▸ **ASSIGNED TASK**
Drop every picture, then transcribe the remaining data exactly.
━━ DATASET SECTION
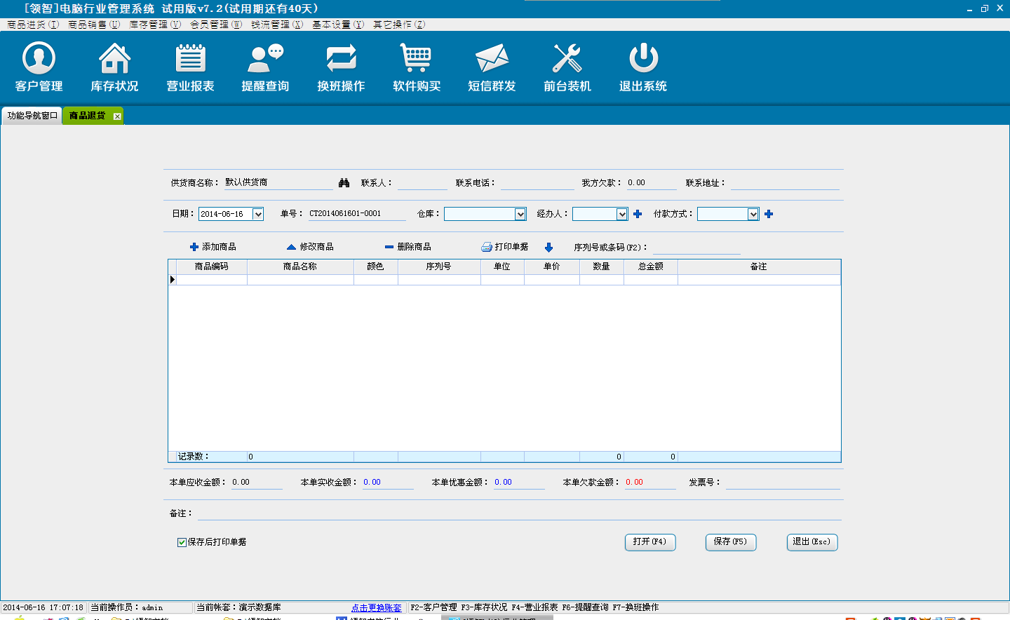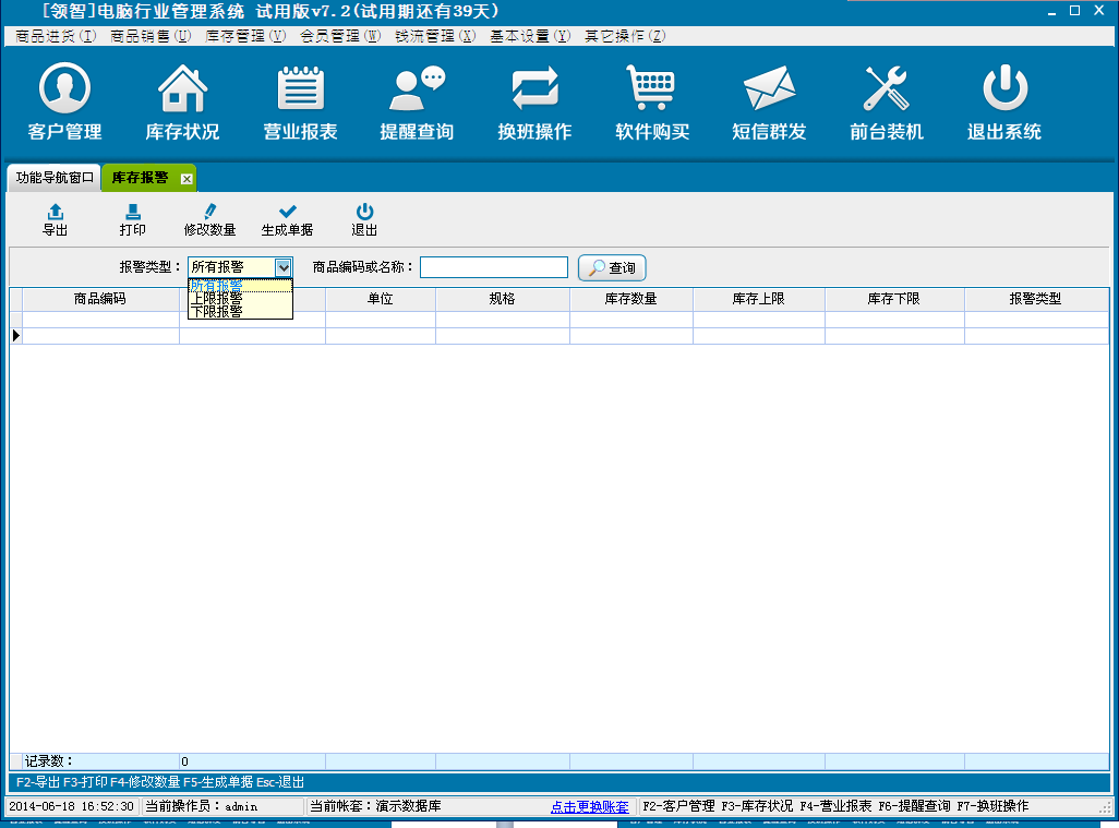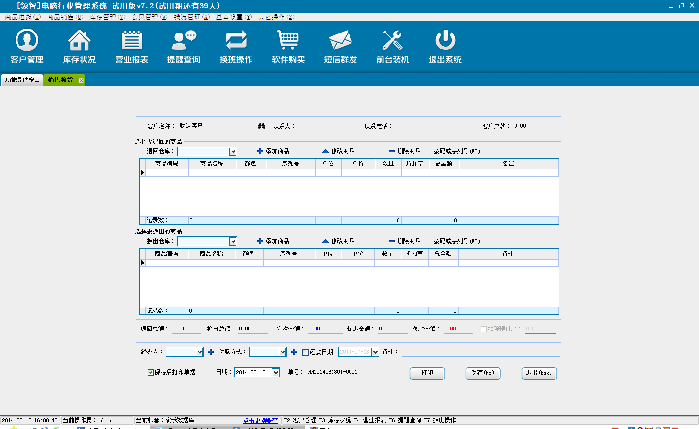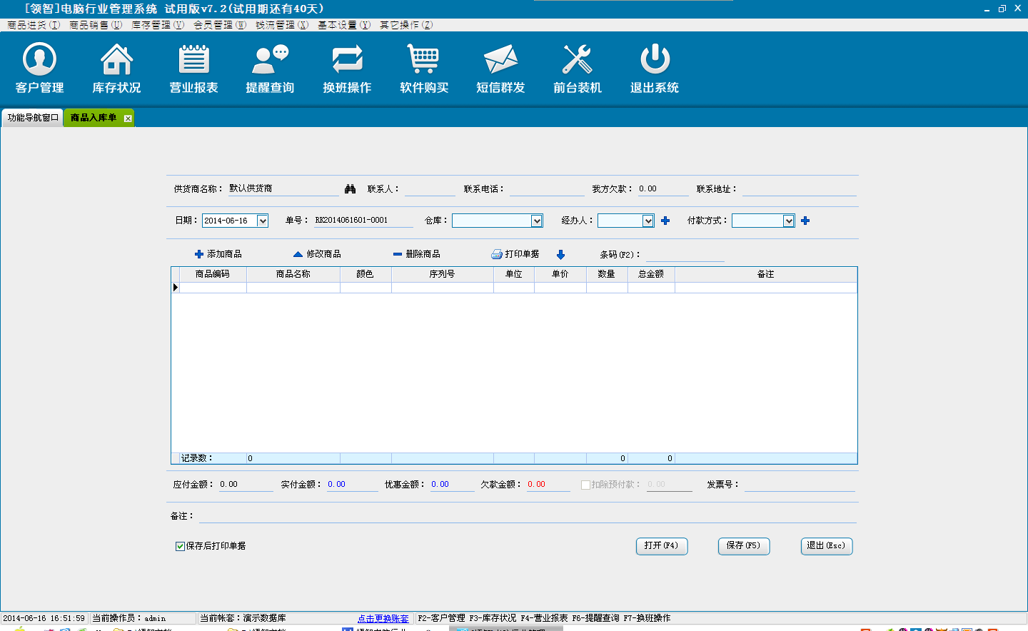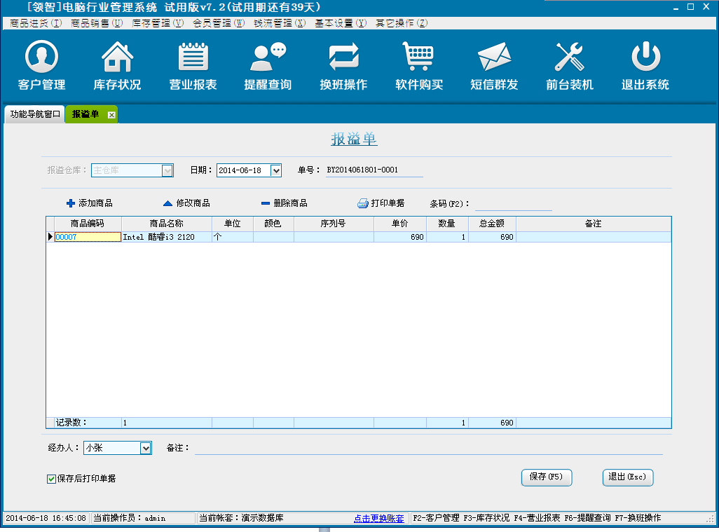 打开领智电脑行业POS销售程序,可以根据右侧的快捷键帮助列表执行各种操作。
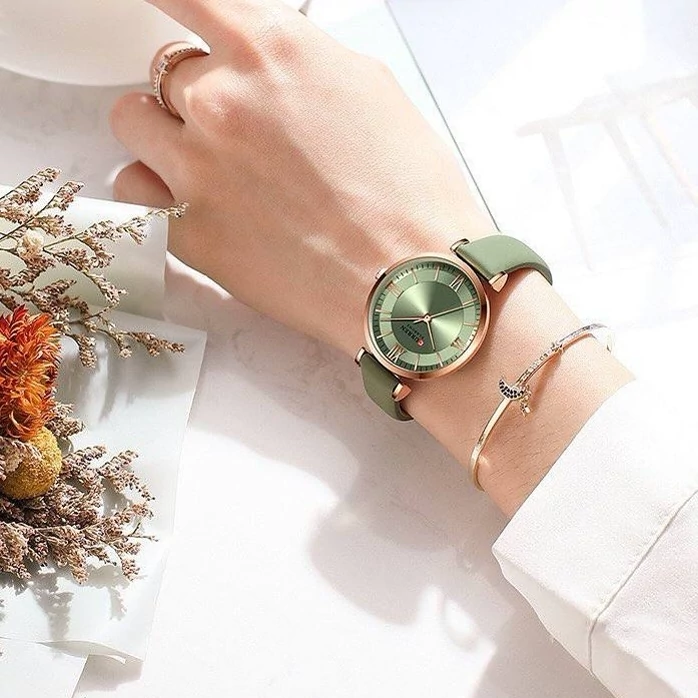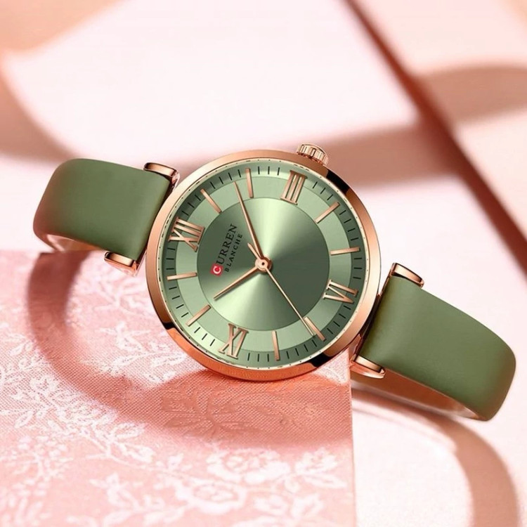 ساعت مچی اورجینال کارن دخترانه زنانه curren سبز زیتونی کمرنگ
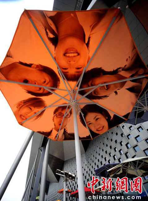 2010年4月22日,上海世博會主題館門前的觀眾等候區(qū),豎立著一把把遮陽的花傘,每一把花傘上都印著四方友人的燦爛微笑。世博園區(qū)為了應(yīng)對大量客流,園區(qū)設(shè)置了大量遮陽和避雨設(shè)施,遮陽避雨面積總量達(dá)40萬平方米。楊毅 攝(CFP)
━━━━
▸ **WRITTEN RESPONSE**
 打开领智电脑行业POS销售程序,可以根据右侧的快捷键帮助列表执行各种操作。
 ساعت مچی اورجینال کارن دخترانه زنانه curren سبز زیتونی کمرنگ
 2010年4月22日,上海世博會主題館門前的觀眾等候區(qū),豎立著一把把遮陽的花傘,每一把花傘上都印著四方友人的燦爛微笑。世博園區(qū)為了應(yīng)對大量客流,園區(qū)設(shè)置了大量遮陽和避雨設(shè)施,遮陽避雨面積總量達(dá)40萬平方米。楊毅 攝(CFP)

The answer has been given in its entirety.